Under the \(H_0\), the probability that it is larger than the 95ht percentile of the \(T\) distribution is 5%.
The 95ht percentile of the T distribution with 15 sf is 1.7531 (obtained via qt(.95, 15))
So that out test statistic is now \(\frac{\sqrt{16}(32-30)}{10}=0.8\)
As 0.8 is not greater than qt(.95, 15) we correctly reject the alternative hypothesis.

10.5.2 Two Sided Tests

Suppose that we would reject the null hypothesis if in fact the mean was too large or too small.
That is, we want to test the alternative \(H_a : \mu \ne 30\).
We will reject if the test statistic, 0.8, is either too large or too small.
Then we want the probability of rejecting under then null to be 5%, split equally as 2.5% in the upper tail and 2.5% in the lower tail.
Thus we reject if our test statistic is larger than qt(.975, 15) or smaller than qt(.025, 15)
- This is the same as saying reject, if the absolute value of our statistic is larger than qt(.975, 15)=2.1314.
- So in this case, we also accept the two sided test as well.

10.5.3 T Test in R

library(UsingR); data(father.son)

t.test(father.son$sheight - father.son$fheight)

## 
##  One Sample t-test
## 
## data:  father.son$sheight - father.son$fheight
## t = 11.789, df = 1077, p-value < 2.2e-16
## alternative hypothesis: true mean is not equal to 0
## 95 percent confidence interval:
##  0.8310296 1.1629160
## sample estimates:
## mean of x 
## 0.9969728

10.5.4 Connections with Confidence Intervals

Consider testing \(H_0:\mu = \mu_0\) versus \(H_a:\mu\ne\mu_0\)
Take the set of all possible values for which you fail to reject \(H_0\), this set is a \((1-\alpha)100\%\) confidence interval for \(\mu\)
The same works in reverse; if a \((1-\alpha)100\%\) confidence interval contains \(\mu_0\), then we fail to reject \(H_0\)

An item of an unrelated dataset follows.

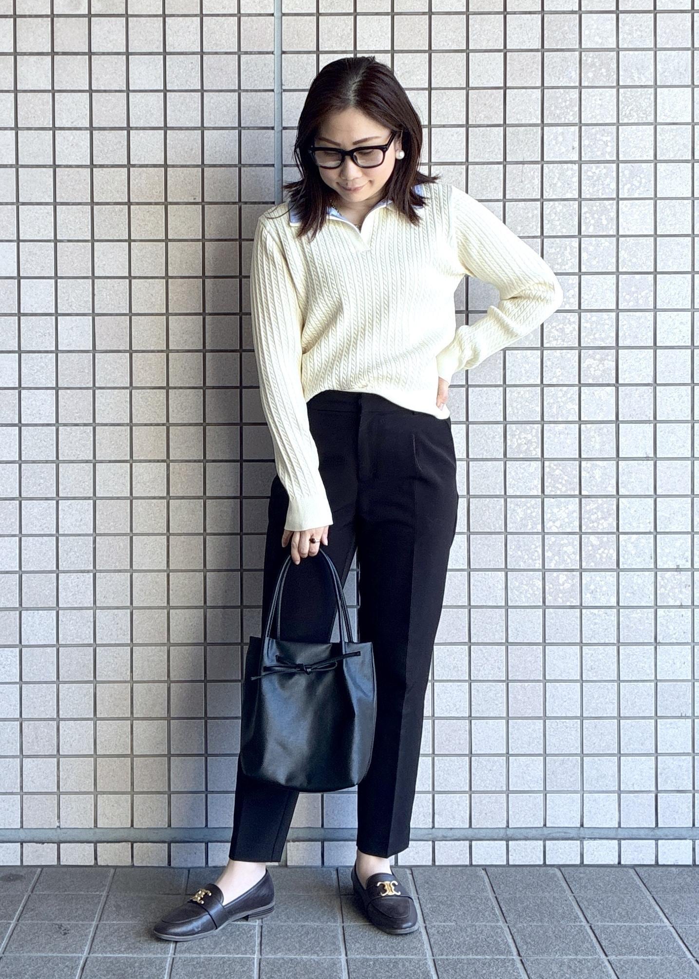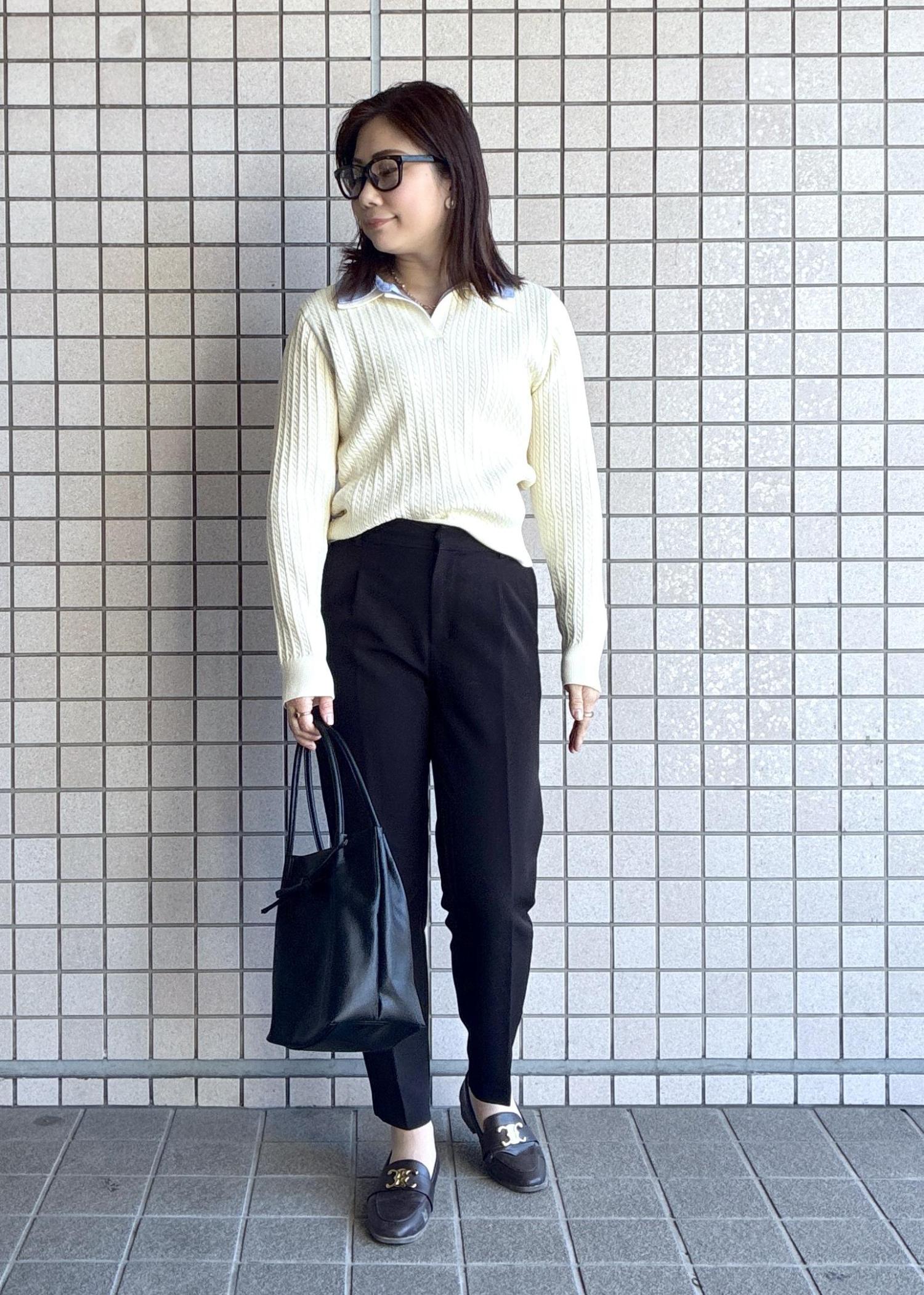 ニットとシャツの組み合わせでオンオフ兼用でお召しいただけます◎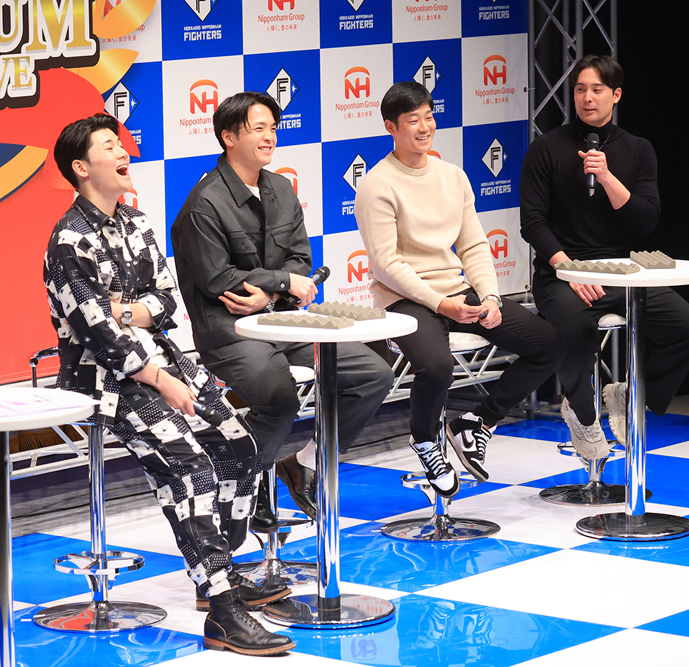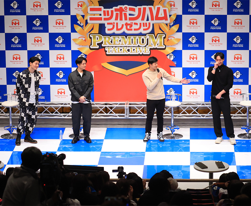 「ニッポンハムプレゼンツ プレミアムトークライブ」が18日、全道5会場で行われた。札幌会場では上原健太投手(31)、石井一成内野手(31)、郡司裕也捕手(27)、清宮幸太郎内野手(26)の4選手が登場。会場に詰めかけた多くの日本ハムファンと約2時間、ふれあいのひとときを楽しんだ。

10.5.5 Two Group Intervals

First, now you know how to do two group T tests since we already covered dependent group T intervals
Rejection rules are exactly the same
Test \(H_0:\mu_1=\mu_2\)

10.5.6 Example

This example will use the chick weight data

# First, we need to reformat the data using reshape2

# Load packages and dataset
library(datasets); data(""); library(reshape2)

wideCW <- dcast(ChickWeight, Diet + Chick ~ Time, value.var = "weight")

names(wideCW)[-(1:2)] <- paste("time", names(wideCW)[-(1:2)], sep = "")

library(dplyr)
wideCW <- mutate(wideCW, 
                 gain = time21 - time0
                 )

# Now we can perform an unequal variance T test comparing diets 1 and 4
wideCW14 <- subset(wideCW, Diet %in% c(1,4))
t.test(gain ~ Diet, paired = FALSE, 
       var.equal = TRUE, data = wideCW14)

## 
##  Two Sample t-test
## 
## data:  gain by Diet
## t = -2.7252, df = 23, p-value = 0.01207
## alternative hypothesis: true difference in means is not equal to 0
## 95 percent confidence interval:
##  -108.14679  -14.81154
## sample estimates:
## mean in group 1 mean in group 4 
##        136.1875        197.6667